▶ _Problem to solve_
Every line below needs to be transcribed without alteration, and no image may be carried over.
Dataset section below:
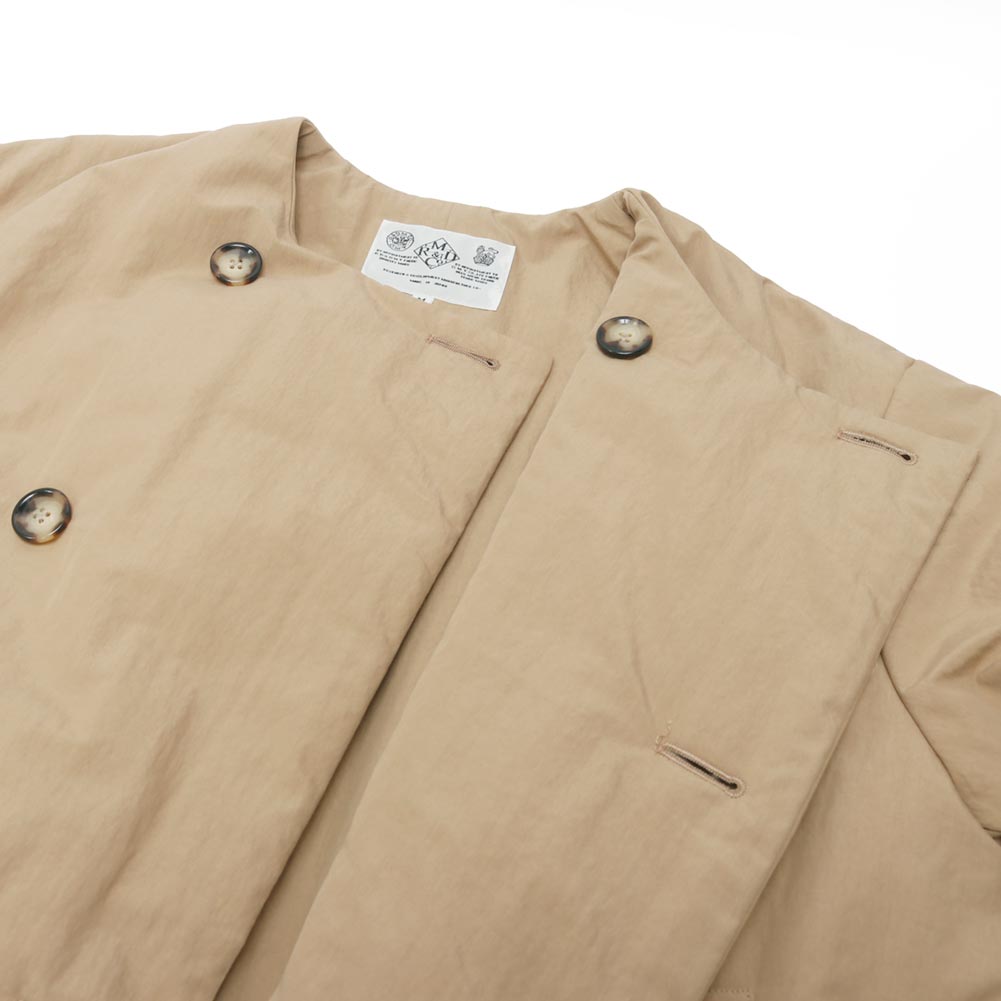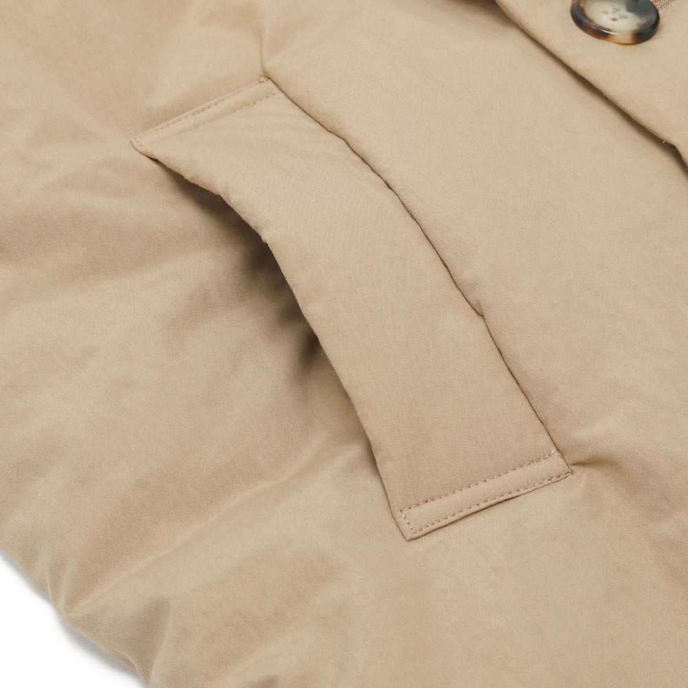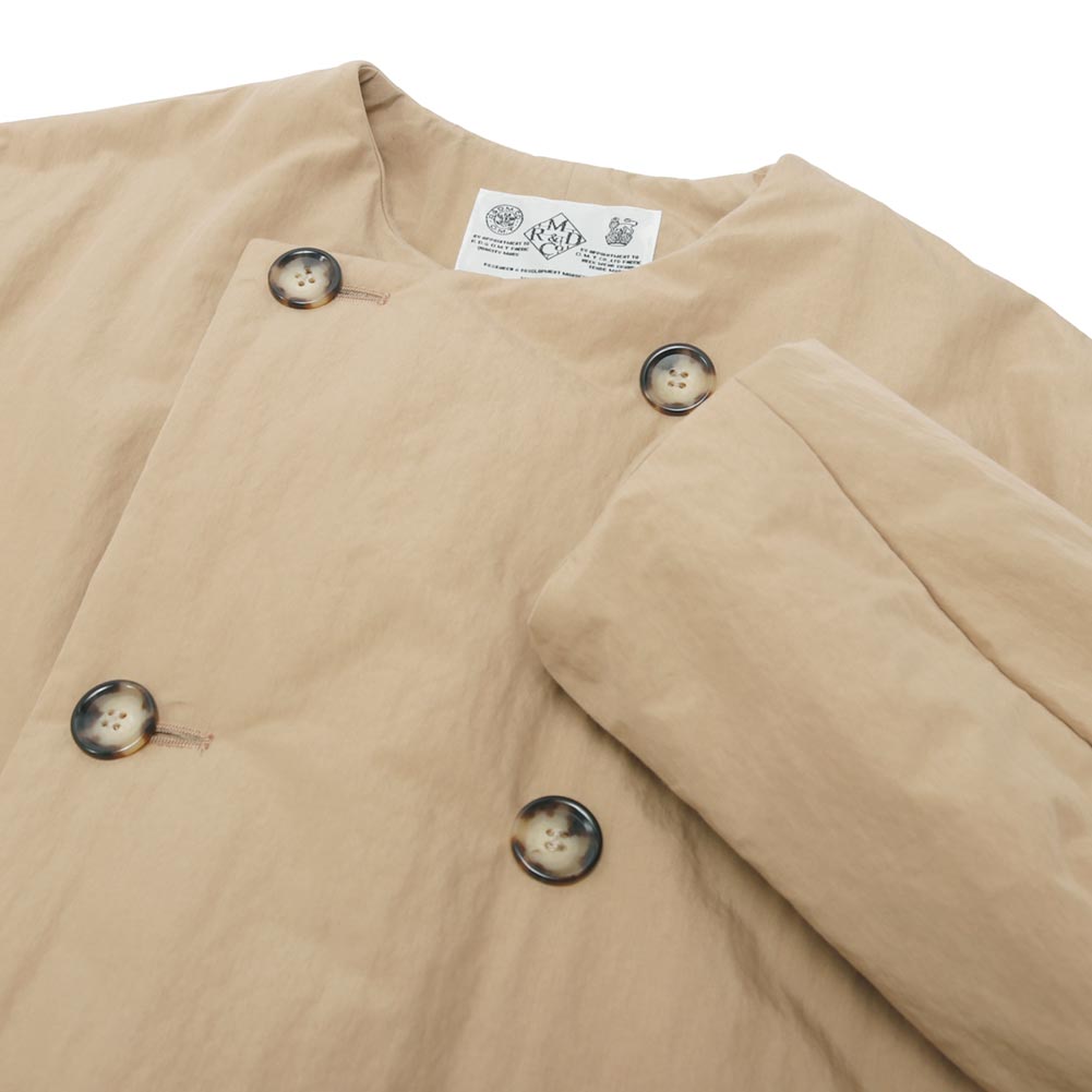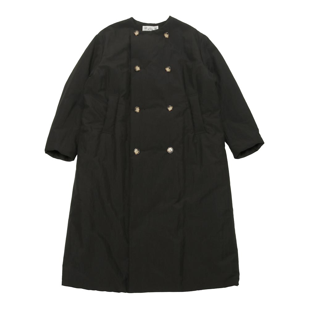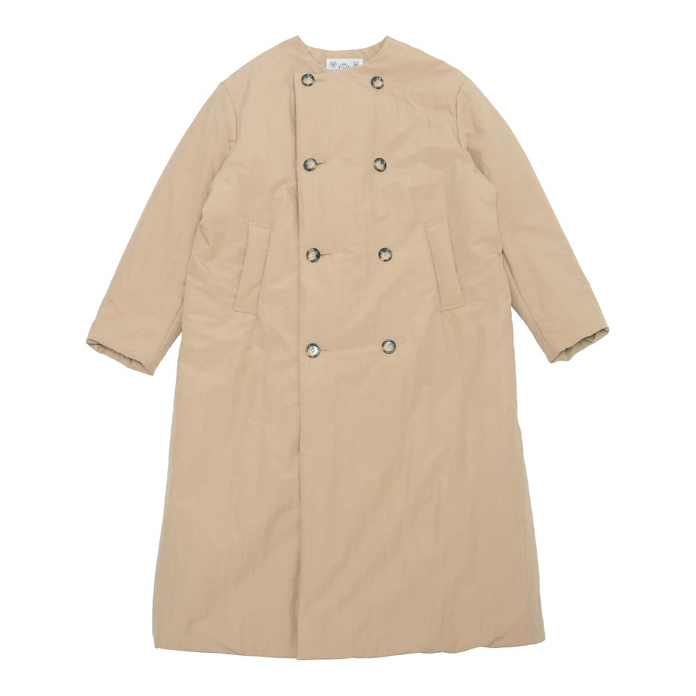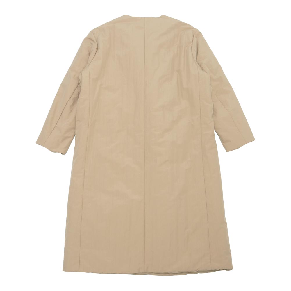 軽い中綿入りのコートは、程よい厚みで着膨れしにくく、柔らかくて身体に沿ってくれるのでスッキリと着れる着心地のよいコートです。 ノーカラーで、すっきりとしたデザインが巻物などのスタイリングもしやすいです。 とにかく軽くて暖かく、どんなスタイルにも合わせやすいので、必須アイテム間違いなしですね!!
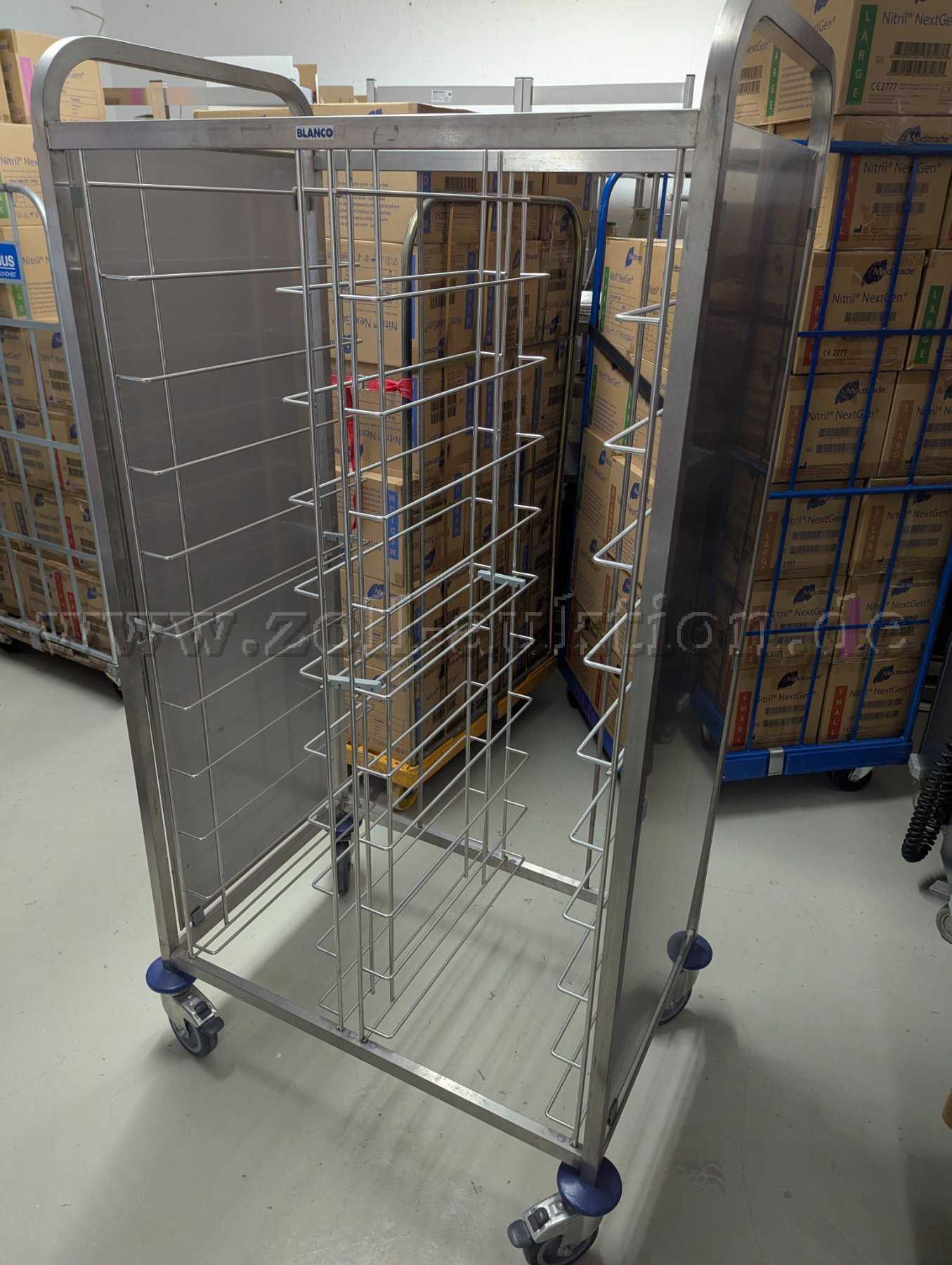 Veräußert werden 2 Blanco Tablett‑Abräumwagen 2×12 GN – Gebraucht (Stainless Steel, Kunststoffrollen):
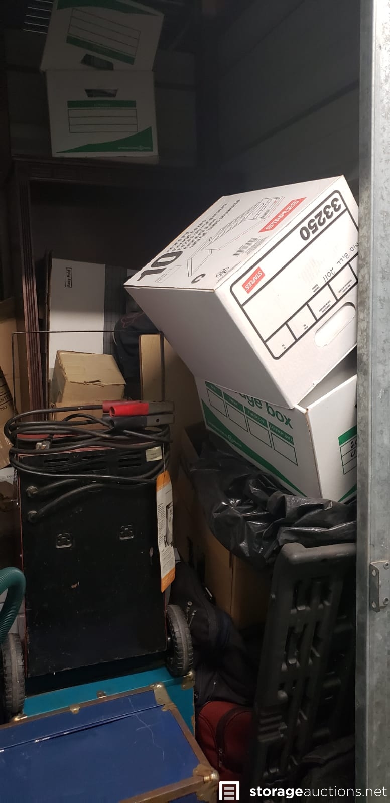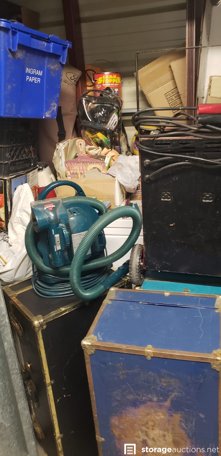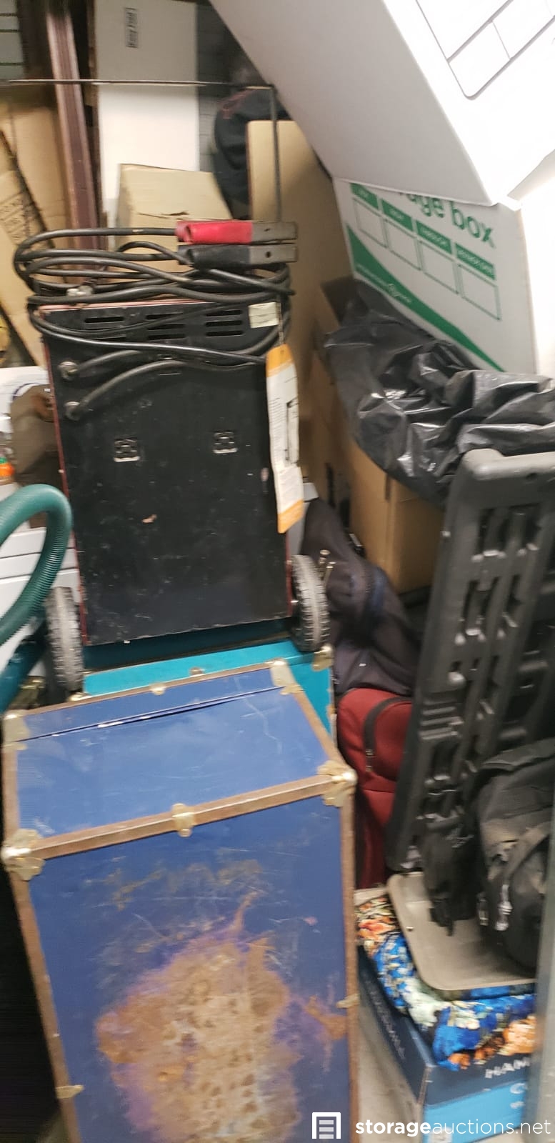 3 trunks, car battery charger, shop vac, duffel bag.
End of Dataset section.
▶ _Output for this exercise_
 軽い中綿入りのコートは、程よい厚みで着膨れしにくく、柔らかくて身体に沿ってくれるのでスッキリと着れる着心地のよいコートです。 ノーカラーで、すっきりとしたデザインが巻物などのスタイリングもしやすいです。 とにかく軽くて暖かく、どんなスタイルにも合わせやすいので、必須アイテム間違いなしですね!!
 Veräußert werden 2 Blanco Tablett‑Abräumwagen 2×12 GN – Gebraucht (Stainless Steel, Kunststoffrollen):
 3 trunks, car battery charger, shop vac, duffel bag.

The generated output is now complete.